Lohrmann H P, Lepp K A, Schreml W
J Natl Cancer Inst. 1982 Apr;68(4):541-7.
The reaction pattern of the normal (nonleukemic) human granulopoietic system to single-agent treatment with 5-fluorouracil (FUra) and to a combination of FUra with two nitrosoureas, 1,3-bis(2-chloroethyl)-1-nitrosourea (BCNU) and 1-(2-chloroethyl)-3-(4-methylcyclohexyl)-1-nitrosourea (MeCCNU), was studied serially by morphologic and in vitro culture methods. The granulopoietic toxicity of FUra was acute and rapidly (by day 21) reversible. In contrast, the toxicity of the combination regimens was long lasting. Evidence exists that an early toxicity (that of FUra) and a delayed toxicity (that of the nitrosourea) were overlapping. Toxicity of BCNU and MeCCNU was most pronounced at the level of in vitro colony-forming units of the granulopoietic system (G-CFUc). G-CFUc compartments of bone marrow and peripheral blood continued to be reduced in size at the time of recovery of the peripheral blood granulocyte count from nitrosourea-induced toxicity. This finding may be responsible for the cumulative toxicity to the human hematopoietic system that frequently has been observed after repeated administration of nitrosourea compounds.

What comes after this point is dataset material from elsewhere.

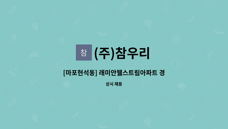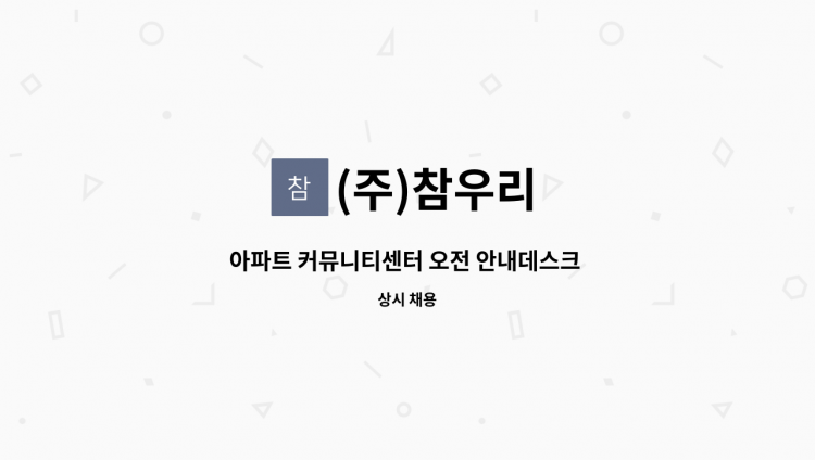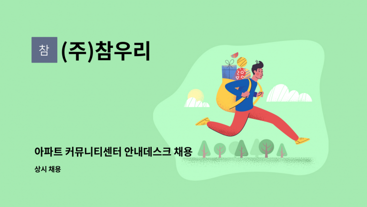 - 아파트미화원(즉시출근가능자) - 근무시간: (월-금: 9:00-16:00 / 격주토: 8:00-11:00) - 급여: 1,420,924원 - 휴게시간: 1시간 - 아파트청소 유경험자(우대) -계약기간:3개월(갱신연장가능) - 팩스지원(02-****-**** (*개인정보가 자동 블라인드 됩니다.)), "상단에 반드시 김포한강미화지원)" 표기 하시면 개별연락드립니다. -지원문의:031-****-**** (*개인정보가 자동 블라인드 됩니다.)

采用形态学和体外培养方法,对正常(非白血病)人粒细胞生成系统对5-氟尿嘧啶(FUra)单药治疗以及FUra与两种亚硝基脲(1,3-双(2-氯乙基)-1-亚硝基脲(BCNU)和1-(2-氯乙基)-3-(4-甲基环己基)-1-亚硝基脲(MeCCNU))联合治疗的反应模式进行了系列研究。FUra的粒细胞生成毒性是急性的,且迅速(在第21天)可逆。相比之下,联合治疗方案的毒性持续时间长。有证据表明,早期毒性(FUra的毒性)和延迟毒性(亚硝基脲的毒性)相互重叠。BCNU和MeCCNU的毒性在粒细胞生成系统的体外集落形成单位(G-CFUc)水平最为明显。在从亚硝基脲诱导的毒性中恢复外周血粒细胞计数时,骨髓和外周血的G-CFUc区室大小持续减小。这一发现可能是反复给予亚硝基脲化合物后经常观察到的对人类造血系统累积毒性的原因。